Soon drivers will be able to surf the net and access Facebook and Twitter. Displays in electric vehicles show battery state-of-charge, remaining range and even location of charging stations. Others have displays to help drivers achieve greater fuel economy.

Talking on cell phones and texting while driving is already being addressed with 35 states and the District of Columbia already banning texting while driving. Nine states and D.C. ban hand-held cell phones except for emergencies.

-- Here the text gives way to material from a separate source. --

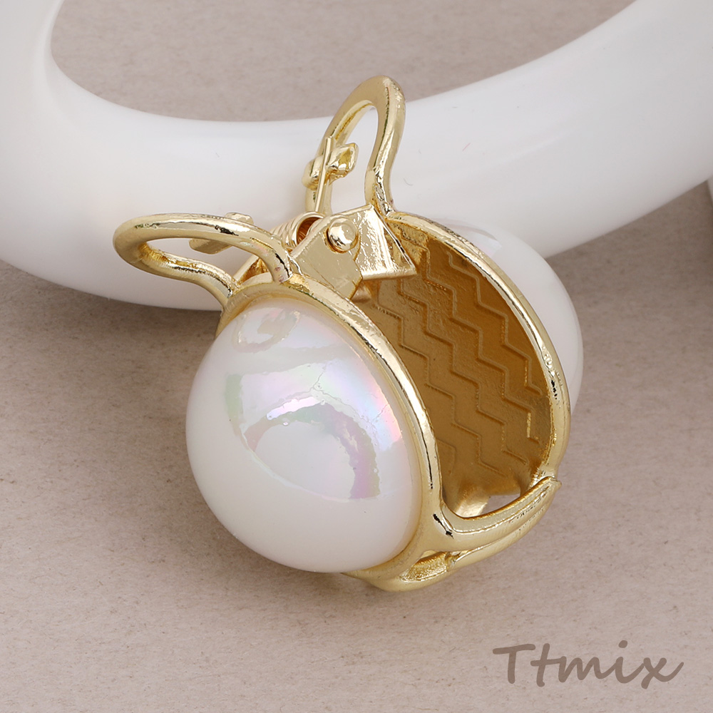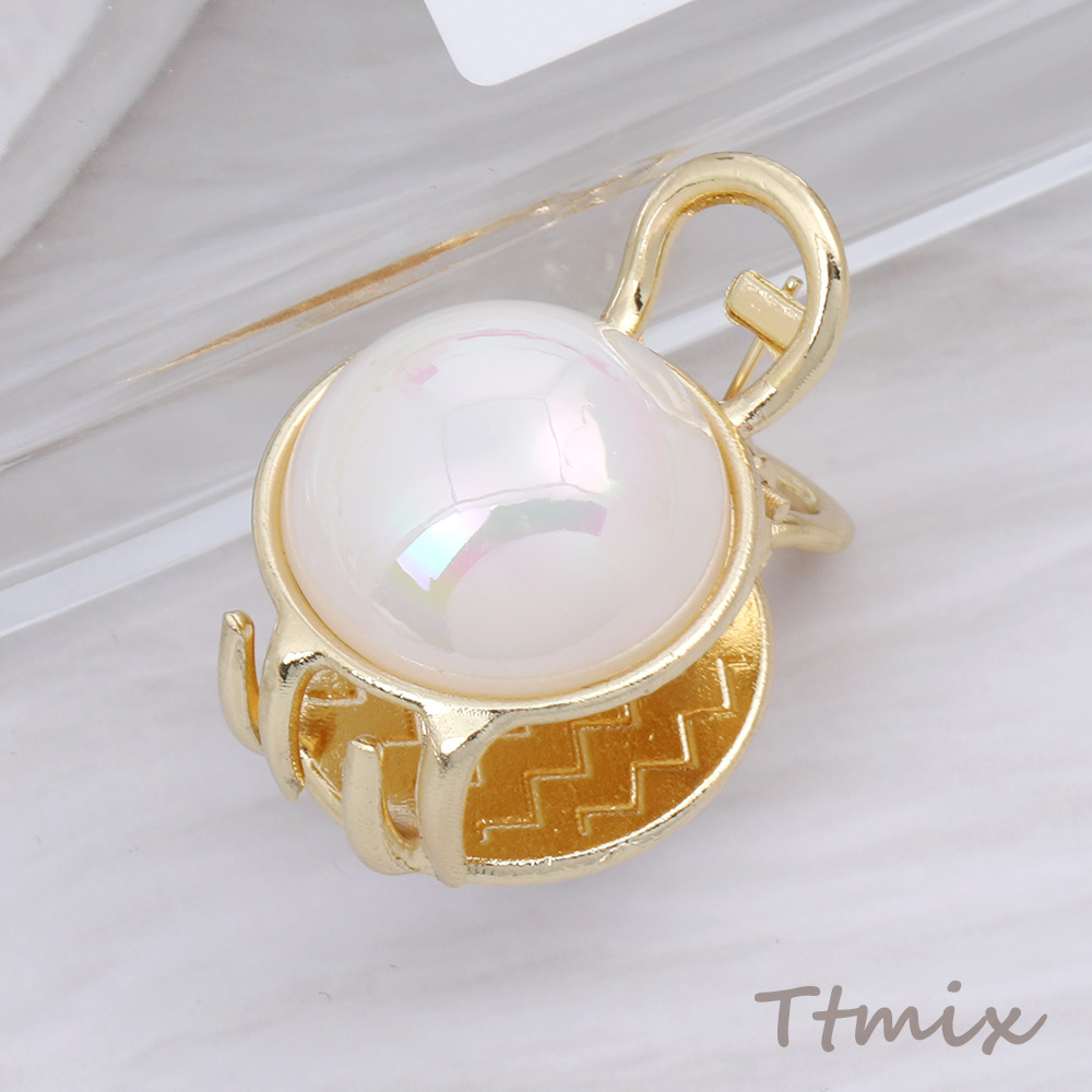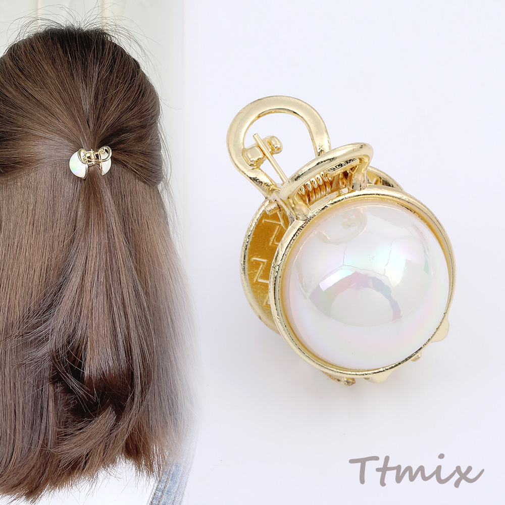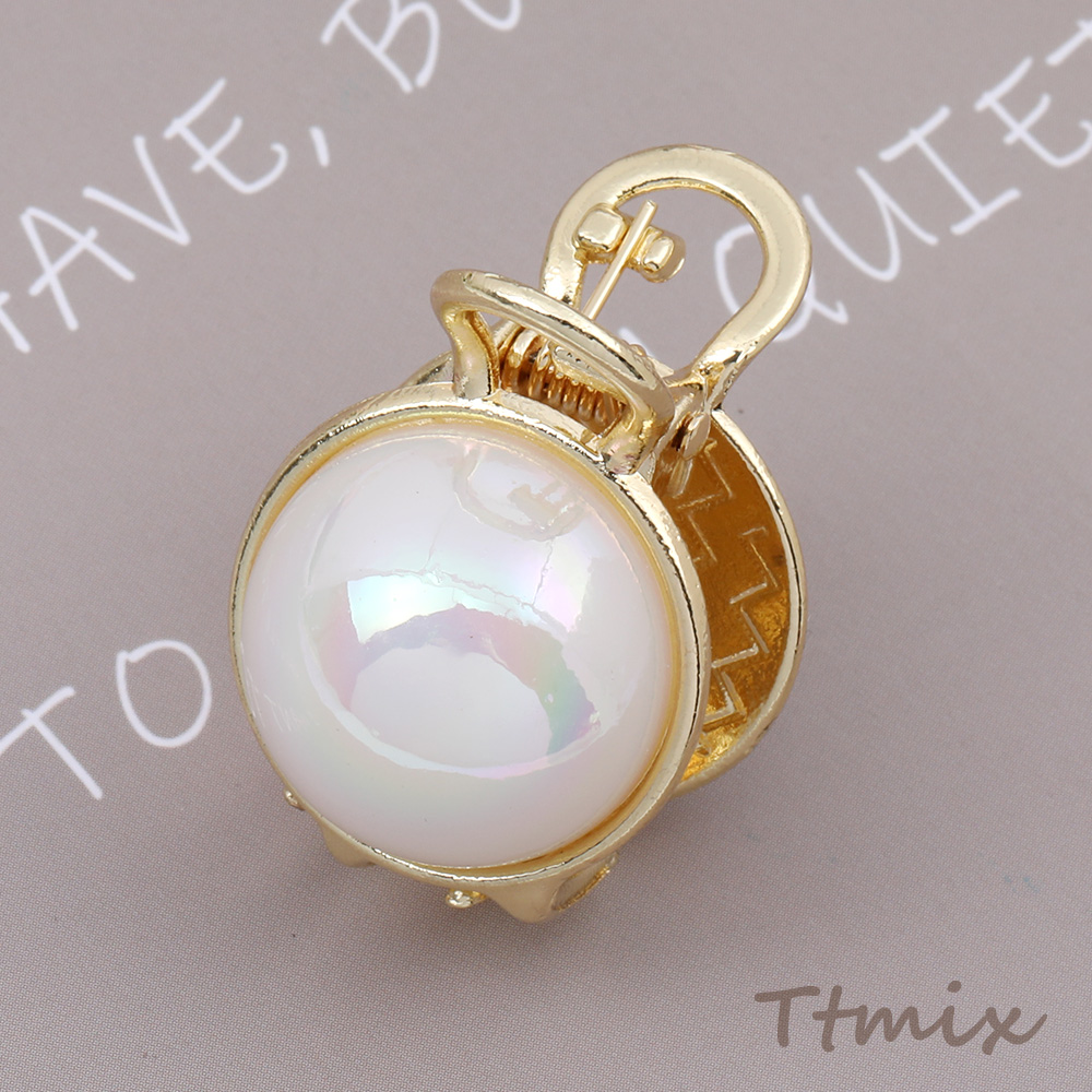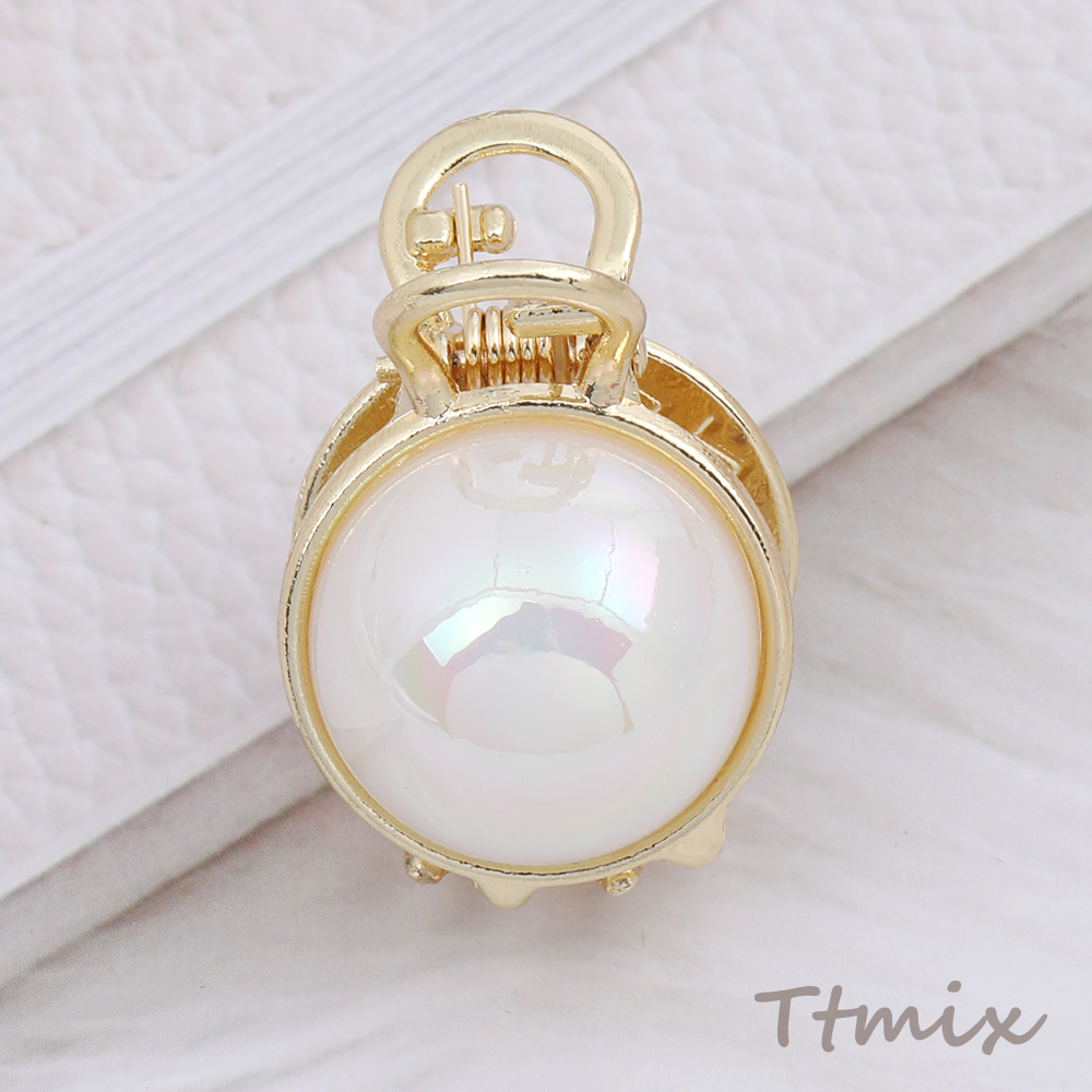 MINIバンスクリップ メタルヘアクリップ パール調デザイン ゴールド(1ヶ)

Now, the feds are addressing distraction from communications, entertainment, navigation and other electronic devices. NHTSA recently proposed guidelines, now voluntary, that cover manufacturer-installed devices that require drivers to look at a device, hand manipulate a control or watch for visual feedback. Guidelines include recommendations to limit complexity and task length, limit operation to one hand, limit off-road glances to under two seconds, limit unnecessary information in the field of view, and limit number of manual inputs required.

The proposed guidelines also recommend disabling the ability to disable some device when the vehicle is in motion. This includes the ability to browse the Internet, text message, access social media, make navigation system entries, dial a phone or view a display of over 30 text characters unrelated to driving.

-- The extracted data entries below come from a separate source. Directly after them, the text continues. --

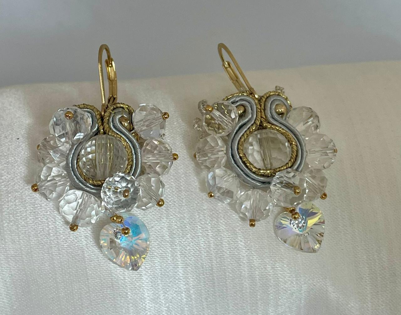 Radiant and refined, the Ice Earrings capture the brilliance of frozen light. Each earring features a cluster of faceted clear crystals, gently encircling a dual-tone metallic core with gold and silver accents. A delicate heart-shaped crystal drop adds a touch of softness, reflecting every movement with shimmering grace.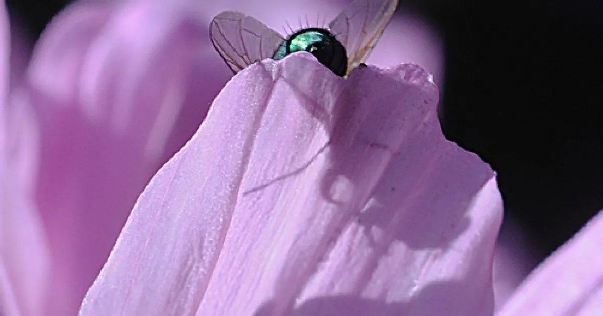 Last weekend I photographed a blow fly that landed on my pink-petaled cosmos. Did it for Bob. Honest.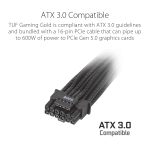Capacitors and chokes pass demanding tests to achieve Military-grade Certification. Dual ball fan bearings can last up to twice as long as sleeve bearing designs. A protective PCB coating protects against moisture, dust, and extreme temperatures. An 80 Plus Gold Certification is the result of Japanese capacitors and other premium components.. ATX 3.0 Compatible: TUF Gaming Gold is compliant with ATX 3.0 guidelines and bundled with a 16-pin PCIe cable that can pipe up to 600W of power to PCIe Gen 5.0 graphics cards. Axial-tech fan design features a smaller fan hub that facilitates longer blades and a barrier ring that increases downward air pressure. Fully modular etched cables keep your rig neat and tidy.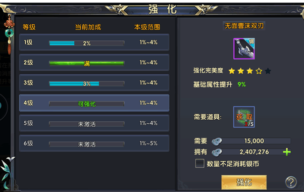 既然极品装备弄到手了,那么接下来就是对装备进行打造强化了。在《卧虎藏龙贰》中,每件装备的最大强化等级为六级,但是每级又有强化加成,强化加成越高装备属性也就越好,系统会根据强化完美度赋予装备不同的星级,相当于二次强化。在这里建议玩家把每一级强化加成值都提升到最大,这样属性才不会差。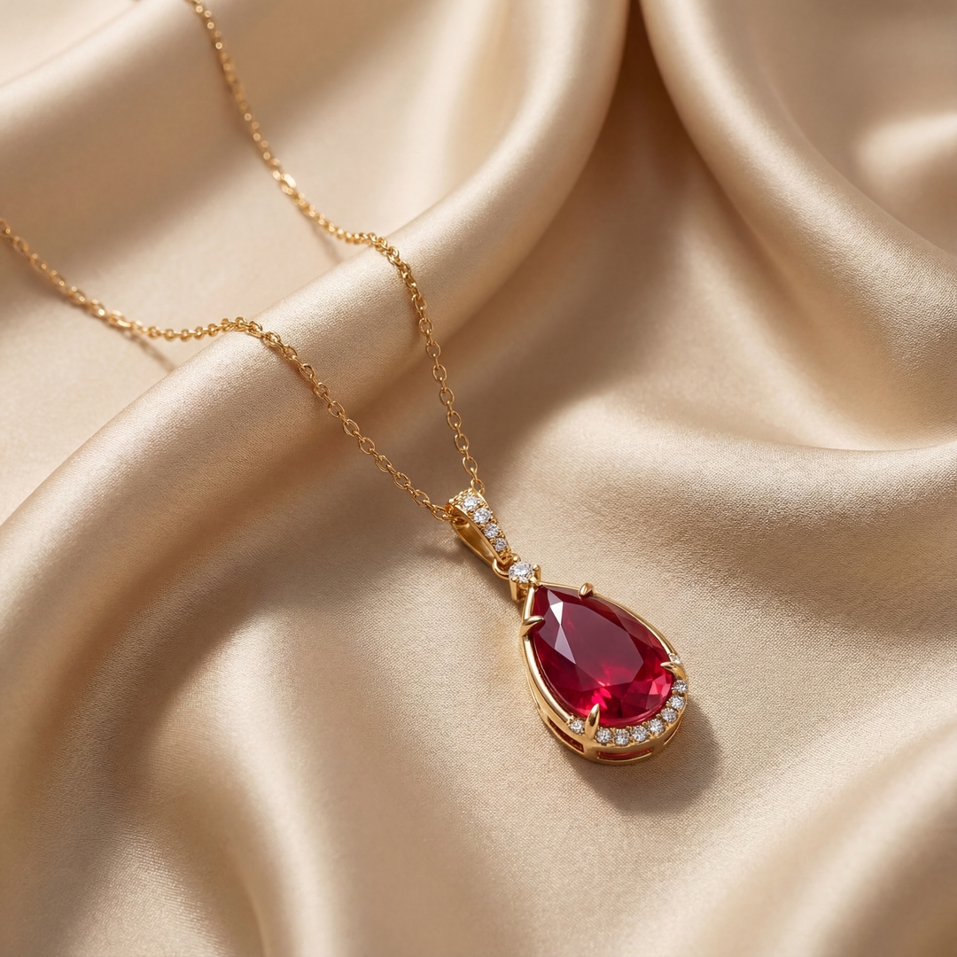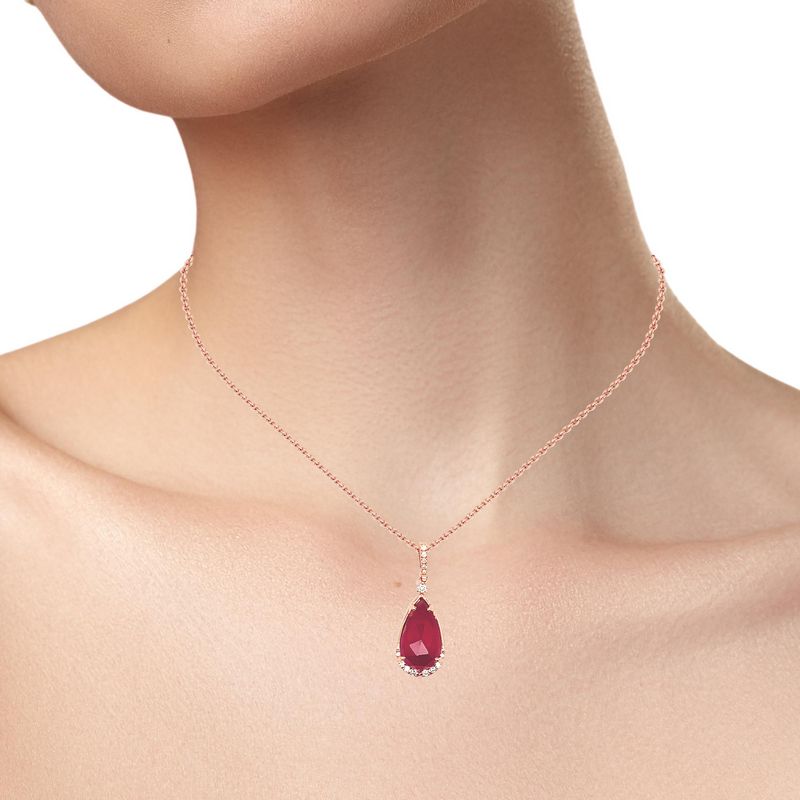 The Rose Gold Rhodolite Garnet Drop Pendant is designed for the modern connoisseur. This luxurious piece is handcrafted in 18K rose gold, featuring a classic 18K rose gold cable chain. The pendant highlights a magnificent 3.65 carat pear-shaped Rhodolite Garnet, whose rich hue is framed by 0.15 carats of shimmering, round brilliant cut diamonds on the halo and bail. This timeless drop pendant seamlessly blends deep color with brilliant sparkle.

NHTSA is also considering future guidelines for systems brought into the vehicle and used while driving. These would include portable navigation systems, smartphones, electronic tablets and other mobile communications devices. A third set of proposed guidelines could address voice-activated controls in aftermarket and portable devices

It could be years before these recommended improvements appear in cars in dealer showrooms. Also since many seniors buy pre-owned vehicles – even more years before they are found in vehicles seniors actually drive. Even then, vehicles will still be designed for younger buyers who have grown up with multitasking, computers and smartphones and texting, and want all the electronic bells and whistles. There is an adage in the automobile industry: "you can sell a young person's car to an old person, but you can't sell an old person's car to a young person."

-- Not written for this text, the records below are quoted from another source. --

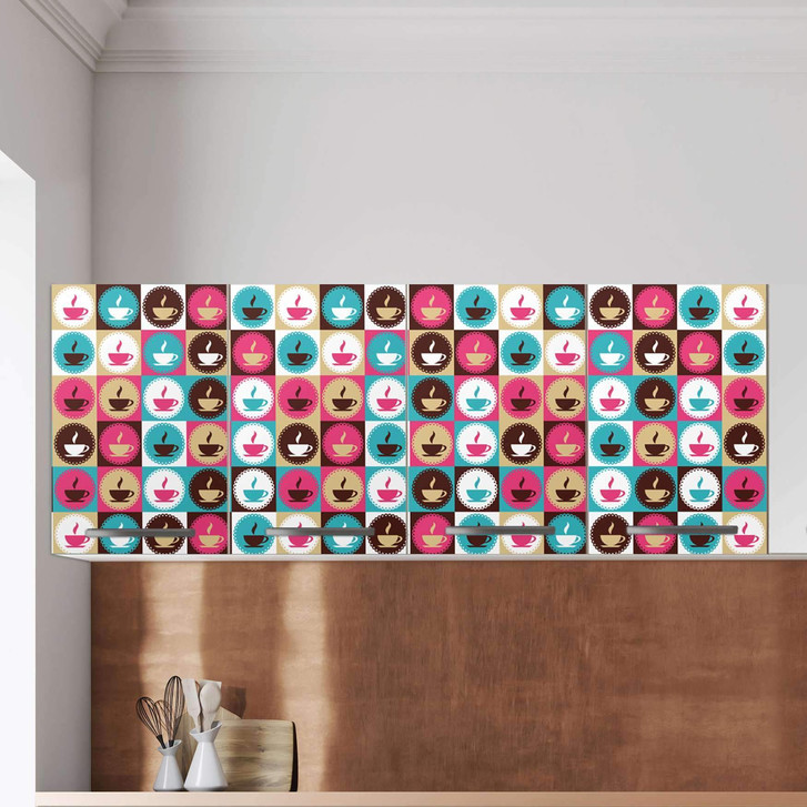 Unsere Klebefolie Coffee Cups (160cm Breite - entspricht der Breite von 4 Türen) für den Wandschrank ist der Blickfang in jeder Küche. Die Küchenfolien sind hochwertige, selbsthaftende Vinylfolien (seidenmatt) und können auf das gewünschte Mass zugeschnitten werden - je nachdem ob die Türkante umklebt werden soll oder nicht.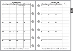 This is a daily and monthly planner insert for the popular Pocket size size notebooks. Page size is Filofax Pocket 3¼" x 4¾" (83mm x 121mm). The week starts on Sunday or Monday. Each day is on one page. The page provides appointment time slots from 6:00 am to 7:00 pm plus space for general notes. Also included are 1-page yearly calendars for the current year and next year.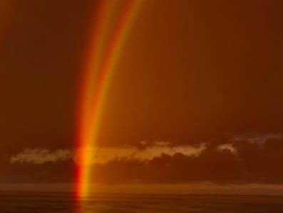 澳大利亚海面反射双彩虹壮观景象 57岁的摄影爱好者菲尔-汤普森拍摄了一幅令人不...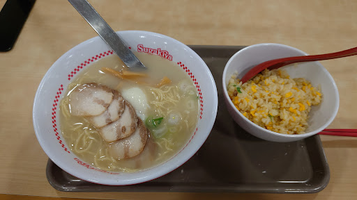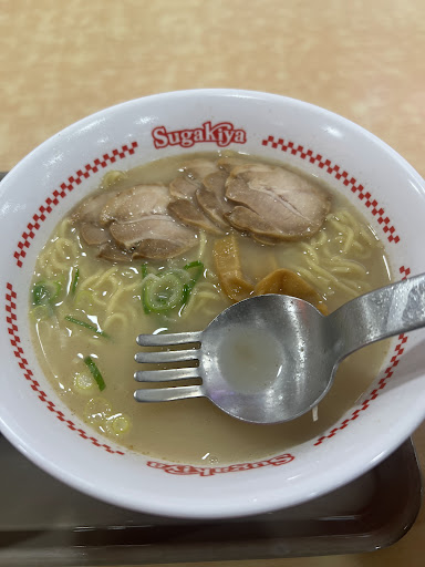 名古屋のソールフードは関西人の私には合わないし(主観ですが味噌煮混みうどん、あんかけスパゲティ、みそかつ、きしめん、他悪ふざけスイーツの数々みんな嫌い)、スガキヤもカウンターの写真をどう見ても美味しそうでないので知っていたものの、長年避けていましたが、それなりに客も付いてて、何よりテナント代が恐ろしく高く維持できずに閉店する店が後をたたない高槻イオンでずっとやってる事だけがどうしても謎で確かめるためについに行きました。 密かな期待は無意味に終わり、想像通りのラーメンでした。430円はクオリティからすると安くなく、トップバリュの袋ラーメンでいいのでリピはありません。こんなに避け続けたことを後悔するほど美味しかったらどうしようという心配は無用でした。長年のモヤモヤがすっきりしました。 変なフォークを横につけずドボンと浸けて提供するとか、やはりこんなのが愛されてる名古屋の文化は理解しがたいです。試したらやはり直感で思った通り使いにくくやけどしたのですぐ...

The bottom line is that seniors will have to learn how to safely drive what some are calling computers with wheels. Here are some tips:

  • If you purchase a new vehicle, plan on spending the amount of time needed to read the owners manual and learn how to use all systems. Unfortunately, the learning curve can be steep and the manual isn't exactly light reading. You might elicit the help of a computer- or car-savvy relative, friend or neighbor to help you. If you have a grandson or granddaughter who, like most, plays video games and uses a smartphone, ask for their help. Some dealers, especially those selling upscale models, offer a course or will have someone to help familiarize you with your new vehicle.
  • Spend time learning the location and use of controls including those on the steering wheel so you can find and operate them without taking your eyes off the road.
  • Especially learn about any warning lights or sounds that might be activated while driving. Otherwise you could be startled and distracted by a light that suddenly starts glowing or a chime that sounds when driving.
  • Don't use a cell phone, even a voice-activated one, while driving. Pull over and stop before using. (Remember when you had to find a pay phone, park and get out, and find a quarter (maybe just a dime) if you wanted to make a call? )
  • Never text message while driving. Texting on a cell phone is 23 times riskier than just talking.
  • If you have a navigation system, put in destinations – including stops -- before starting out. If you need to make changes or have to confirm your location, pull over and stop, just like you probably did when you used paper maps. Rely on voice commands rather than try to watch the display, which is often difficult because of glare from the sun. If you have a passenger, turn over the navigation task to them.
  • If you rent a car, spend some time familiarizing yourself with controls and displays before driving off.